SOESD / Learning Matters / Newsletter Archive / February 2009 / Oregon Needs Education Service Districts
Oregon Needs Education Service Districts
Steve Boyarsky, Superintendent
The 2009-11 legislative session has begun. In the past, legislators have questioned Education Service Districts' collective and individual worth. In reviewing our role, I have stepped back to think deeply about what "value added" an ESD provides students and schools. I have identified six primary areas that I would like to expand upon:
• Regional Perspective
• Cost Efficiencies
• Customized Capacity for Schools
• Specialized Staffing
• Communication and Coordination
• Development and Implementation
Education Service Districts have regional responsibilities as part of the “job description.” School districts, by design, are focused on serving their own schools. Although districts cooperate with one another, their primary responsibility is to their own schools and students. ESDs are required to consider the concerns of all districts in their region irrespective of size or proximity.
ESDs are ideally situated to be instrumental in regional partnerships. SOESD has partnered with dozens of organizations, such as Southern Oregon University, Crater Lake National Park, Oregon Institute of Technology, local television stations, Siskiyou Field Institute, Hunter Communications, private foundations and ScienceWorks. These partnerships secure grants, develop dual credit classes, sponsor academic competitions, enhance communications systems, provide professional development, develop community resources for students and families and expose students to nature's wonders.
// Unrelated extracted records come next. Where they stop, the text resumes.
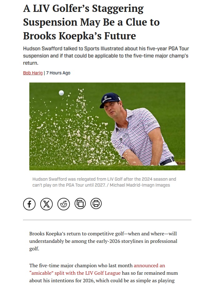 Krystal Lopez+FollowKoepka’s Next Move: PGA Tour or DP World?Insiders are buzzing about Brooks “Big Game” Koepka’s future after his split from LIV Golf. The main drama? Hudson Swafford’s massive suspension for playing LIV events may hint at what’s ahead for Koepka. While rumors swirl about a one-year ban, it’s not so clear-cut—especially for former PGA Tour stars like Koepka. Will he return to the PGA Tour, or take his talents elsewhere? This saga is far from over, and fans are watching every move. #Sports #Golf #BrooksKoepka00Share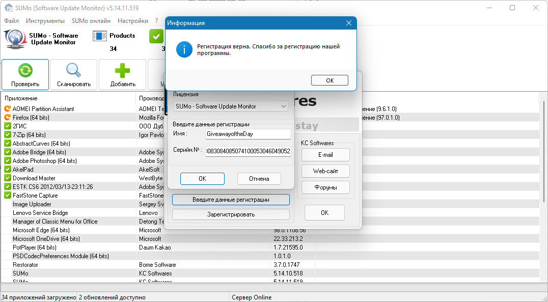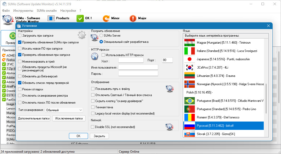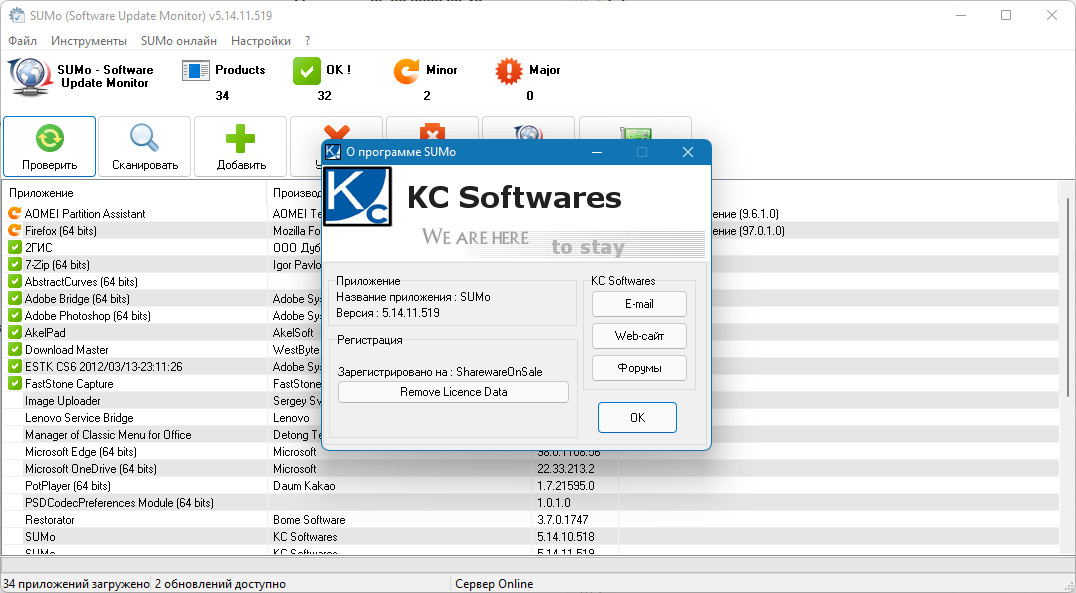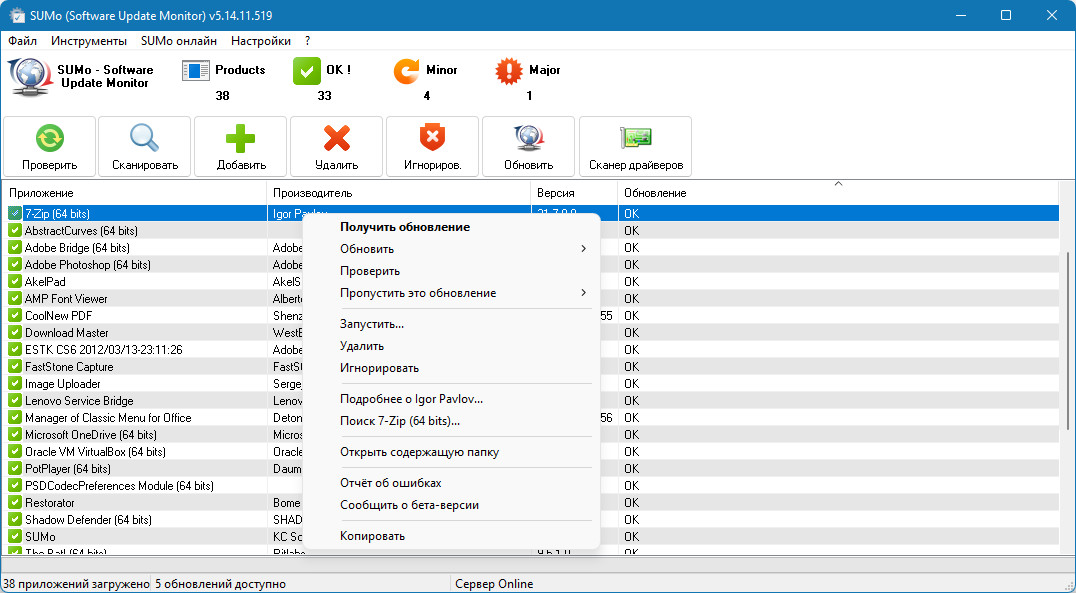 SUMo (Software Update Monitor-монитор обновлений программного обеспечения) обеспечивает актуальность и безопасность вашего ПК благодаря использованию самой последней версии вашего любимого программного обеспечения! В отличие от встроенных функций автоматического обновления, SUMo сообщает вам, доступны ли обновления, прежде чем использовать программное обеспечение.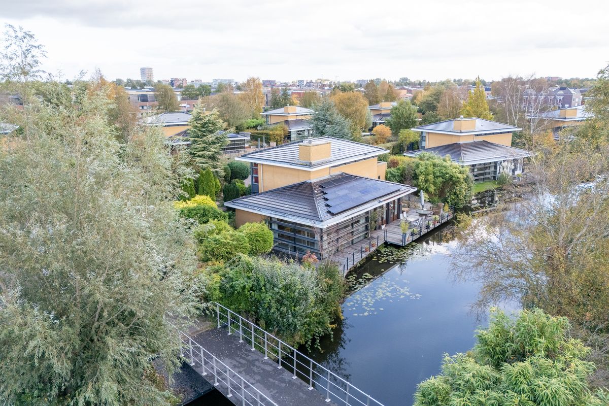 Te midden van water, weide en groen ligt aan de Mesa Verde 9 deze indrukwekkende, vrijstaande villa – een woning die uitblinkt in stijl, ruimte en comfort. De architectuur is geïnspireerd op het werk van de beroemde Amerikaanse architect Frank Lloyd Wright, herkenbaar aan de speelse lijnen, natuurlijke materialen en harmonieuze verbinding met de omgeving.

One of the goals of ESDs is to add to regional efficiencies. By regionalizing special education staff, professional development, media library service, and technology infrastructure, ESDs can provide these services to districts at much less expense than if each district had to pay for these services individually. The SOESD educational media library is but one example: SOESD can provide more variety in videos than an individual district could furnish its teachers. Our electronic repair department employs technicians who repair computers, design electrical systems, and install surveillance systems much less expensively than each district purchasing the work commercially.
It is important to remember that for every dollar of state and local resources received by SOESD, it generates a dollar from other sources, mainly grants and contracts. Fifty percent of SOESD’s service dollars are generated from services, federal grants and state contracts.
Customized Capacity for Schools
SOESD can assist districts with specialized services. It would be difficult for each district in our region to provide expertise on computer security, but a regional expert can train district staff to keep computer systems free of viruses and hackers. Educators trained to work with deaf and hard of hearing students can assist teachers and students in mainstreamed classes. ESDs can utilize experts from one district to provide training for integrating technology, writing or math problem solving to increase expertise in every district. SOESD can serve to provide regional expertise on issues that individual districts may not be able to provide.
The hiring of specialists, such as autism consultants, speech therapists, and teachers of the deaf and blind, makes sense regionally. If districts had to hire these specialists in an on-again off-again pattern, based on the yearly variation of student populations, it would be difficult, if not impossible, for Oregon to serve low-incidence student populations. SOESD hires regionally and is able to relocate trained specialists between districts to serve students’ needs.
SOESD also hires and trains many special education teachers and aides to work with severely disabled students. ESD staff is trained to work with students who have specialized medical needs, tube feeding, physical therapy, or speech therapy.
Communication and Coordination
Southern Oregon ESD provides a communication link between statewide agencies, such as the Oregon Department of Education, and schools in our region. Several ESDs serve as technology hubs for Internet bandwidth and connections. SOESD has been a state leader in videoconferencing for meetings, professional development, and classes.
Many job-alike groups such as Superintendent's Association, Special Education Directors, Curriculum Council, English Language Learners work group, and Business Managers meet monthly to share information, discuss issues, and coordinate regional activities. Increasingly, the Oregon Department of Education relies on ESDs to provide technical assistance in implementing new state requirements.
A new statewide group, the Education Enterprise Steering Committee, is composed of decision-makers from Oregon Department of Education, ESDs and school districts who meet to coordinate school improvement, special education, technology and administrative activities throughout Oregon. ESDs are an integral part of the state infrastructure to improve schools.
Development and Implementation
A logical role for ESDs is as implementer of new programs and projects. Oregon Online School was developed as a joint project with SOESD and local districts, which began with online classes in our region and has grown into a statewide provider. SOESD worked with districts to develop programs for English Language Learners and training staffs of districts, as their ELL needs increased.
SOESD has been very successful in receiving federal, state, and local grants. This past year SOESD received over $4,000,000 in grants, which translate into teacher training, student programs, and innovative projects for educators throughout Southern Oregon. Southern Oregon ESD continues to be at the cutting edge of projects that benefit schools and students in Southern Oregon.
In conclusion, ESDs are part of a statewide system of education that assures access and opportunity for all students irrespective of disabilities or the size or location of their districts. Southern Oregon ESD’s goal is to provide "value added" for districts and students in Southern Oregon.